15-Deoxy-Δ12,14-prostaglandin J2 Induces Apoptosis and Upregulates SOCS3 in Human Thyroid Cancer Cells

1Laboratory of Nanobiotechnology, Federal University of Uberlândia, 38400902 Uberlândia, MG, Brazil
2Laboratory of Genetics, Federal University of Uberlândia, 38400902 Uberlândia, MG, Brazil
3Hammock Laboratory of Pesticide Biotechnology, University of California Davis, Davis, CA 95616, USA
4Laboratory of Cancer Molecular Genetics, University of Campinas, 13081-970 Campinas, SP, Brazil
5Laboratory of Immunology and Molecular Biology, São Leopoldo Mandic Institute and Research Center, 13045-755 Campinas, SP, Brazil
6Department of Medical Microbiology and Immunology, University of California Davis, Davis, CA 95616, USA

Received 16 December 2015; Accepted 1 March 2016

Academic Editor: Constantinos Giaginis

Copyright © 2016 Carlos Antônio Trindade-da-Silva et al.
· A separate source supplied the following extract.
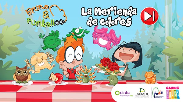 La historia, titulada ‘Bruno & Pumballoo: La merienda de colores’, está protagonizada por los personajes ya habituales de estos relatos animados: un niño que tiene una alergia alimentaria, un camaleón, y unos seres mágicos que ayudan a cualquier pequeño con alguna enfermedad o circunstancia especial.

This is an open access article distributed under the Creative Commons Attribution License, which permits unrestricted use, distribution, and reproduction in any medium, provided the original work is properly cited.

Abstract

The cyclopentenone prostaglandin 15-deoxy-Δ12,14-prostaglandin J2 (15d-PGJ2) is a natural ligand of peroxisome proliferator-activated receptor gamma (PPAR-γ) and a potential mediator of apoptosis in cancer cells. In the present study, we evaluated the effect of 15d-PGJ2 in human thyroid papillary carcinoma cells (TPC-1) using different doses of 15d-PGJ2 (0.6 to 20 μM) to determine IC50 (9.3 μM) via the MTT assay. The supernatant culture medium of the TPC-1 cells that was treated either with 15d-PGJ2 or with vehicle (control) for 24 hours was assessed for IL-6 secretion via CBA assay. RT-qPCR was used to evaluate mRNA expression of IL-6, SOCS1, SOCS3, and STAT3. TPC-1 cells treated with 15d-PGJ2 decreased the secretion and expression of IL-6 and STAT3, while it increased SOCS1 and SOCS3. Overall, we demonstrated that 15d-PGJ2 downregulated IL-6 signaling pathway and led TPC-1 cells into apoptosis. In conclusion, 15d-PGJ2 shows the potential to become a new therapeutic approach for thyroid tumors.